Is solving systems of equations modulo $k$ in $\mathsf{coMod}_k\mathsf L$ for $k$ composite?

Question

I'm interested in the complexity of solving linear equations modulo k, for arbitrary k (and with a special interest in prime powers), specifically:

Problem. For a given system of $m$ linear equations in $n$ unknowns modulo $k$, do there exist any solutions?

In the abstract to their paper Structure and importance of logspace-MOD classes on the classes Mod_kL, Buntrock, Damm, Hertrampf, and Meinel claim that they "demonstrate their significance by proving that all standard problems of linear algebra over the finite rings $\mathbb Z/k\mathbb Z$ are complete for these classes". On closer inspection, the story is more complicated. For instance, Buntrock et al. show (by a proof-sketch in an earlier and freely accessible draft found by Kaveh, thanks!) that solving systems of linear equations is instead in the complementary class coMod_kL, for k prime. This class is not known to be equal to Mod_kL for k composite, but never mind that — what I'm concerned about is the fact that they don't make any remarks about whether solving systems of linear equations mod k is even contained in coMod_kL for k composite!

Question: Is solving systems of linear equations modulo k contained in coMod_kL for all positive k?
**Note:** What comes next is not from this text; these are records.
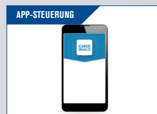
APP-STEUERUNG Für die Steuerung des Kippens. Geeignet für mehrere Benutzer.
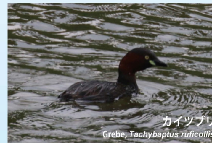
カイツブリ Grebe, Tachybaptus ruficollis
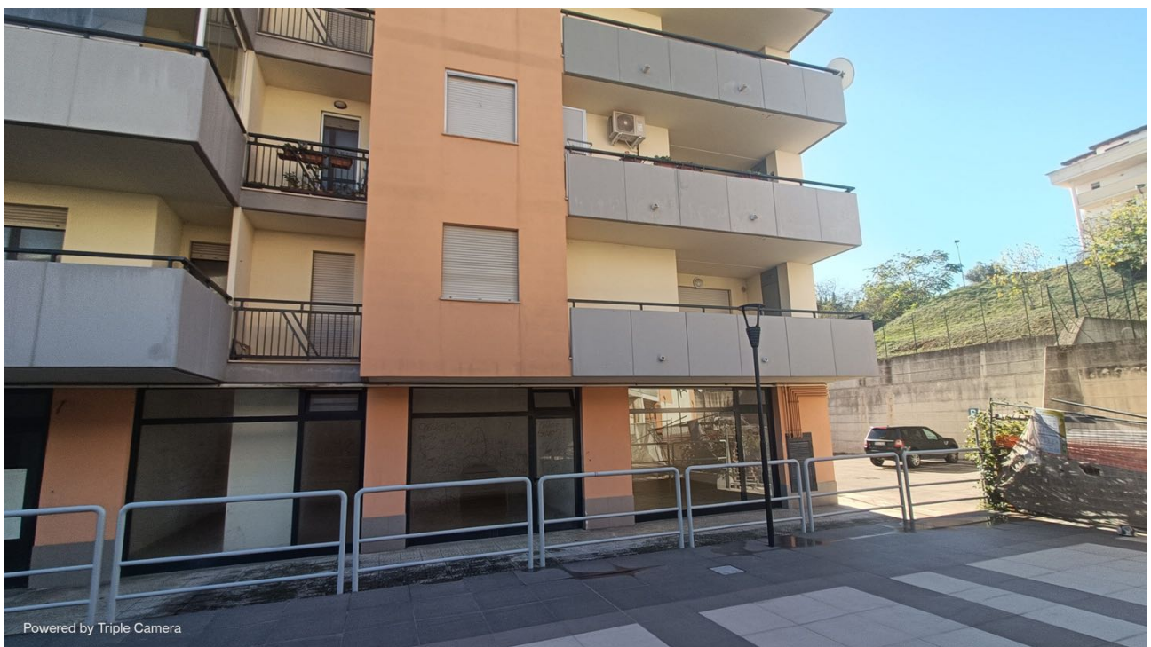
Immobile sito in Pescara alla Via di Sotto n.3, Piano terra, Scala D, Palazzina B distinto al Foglio n.18 Particella n.2874 Sub. n.125

If you can solve systems of equations modulo a higher power q of a prime p, you can solve them modulo p as well; so solving systems of equations modulo q is coMod_pL-hard. If you could show that this problem is in Mod_qL, you would end up showing Mod_kL = coMod_kL for all k. That's likely to be difficult to prove. But is it in coMod_kL?

Answer 1

I'm happy to say that I think we can answer this question in the affirmative: that is, deciding whether a linear congruence is feasible modulo k is coMod_kL-complete.
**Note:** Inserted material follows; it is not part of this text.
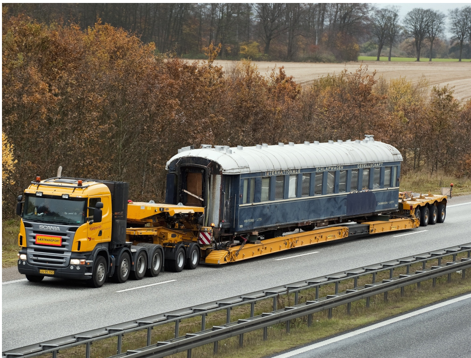
Vogn 3929 transporteres på blokvogn tilbage til Danmark.

Når erhvervelsen har været mulig, skyldes det, at Danmarks Jernbanemuseum har fået bevilget det nødvendige beløb til køb og hjemtransport af vognen fra Den A.P. Møllerske Støttefond, hvilket vi er meget taknemmelige for.

We can actually reduce this problem to the special case of prime powers. One may show that:

Normal Form. The class coMod_kL consists of langauges L of the form L = L_p1 ∩ L_p2 ∩ ... ∩ L_pr , where L_pj ∈ coMod_pj L and where p_j ranges over the prime factors of k.

By the Remainder Theorem, any solution to a system of equations modulo each of the prime powers $p_{\!j}^{e_j}$ dividing k gives rise to a solution to the same system, mod k. So if solving systems of linear equations over $p_{\!j}^{t_j}$ is contained in coMod_pj L, it follows that solving systems of equations mod k is contained in coMod_kL.
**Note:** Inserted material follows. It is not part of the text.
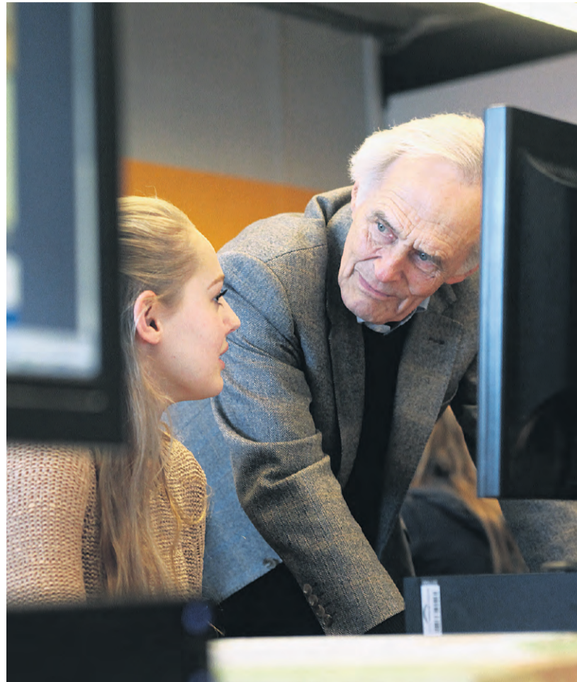
„Telkens als je een gesprekspartner iets positiefs kunt meegeven, is dat een bouwsteen voor een betere wereld.’

„Bij een reis naar de VS heb ik Miller opge-

There's a standard algorithm, described by McKenzie and Cook for reducing linear congruences modulo a prime power to constructing a spanning set for its nullspace (namely, for Ax = y over a given ring, construct a basis for the nullspace of [ A | y ] and see if any solutions exist with a final coefficient of −1); and subsequently for reducing the construction of nullspaces modulo prime powers to constructing nullspaces modulo primes, and matrix multiplication modulo prime powers. Both of the latter tasks are problems which are feasible for coMod_kL, provided that you can construct the matrices involved.

It turns out that the matrices involved in the reduction of McKenzie and Cook can themselves be computed by matrix multiplication, and (crucially) division by a constant factor. Fortunately, for prime powers, the coefficients of the matrices involved can be computed on the work-tape using an oracle for coMod_pL-machines; and the division by a constant can be performed in NC¹, which is again feasible in coMod_pL. So it turns out that the whole problem is ultimately doable in coMod_kL.

For complete details, see [arxiv:1202.3949].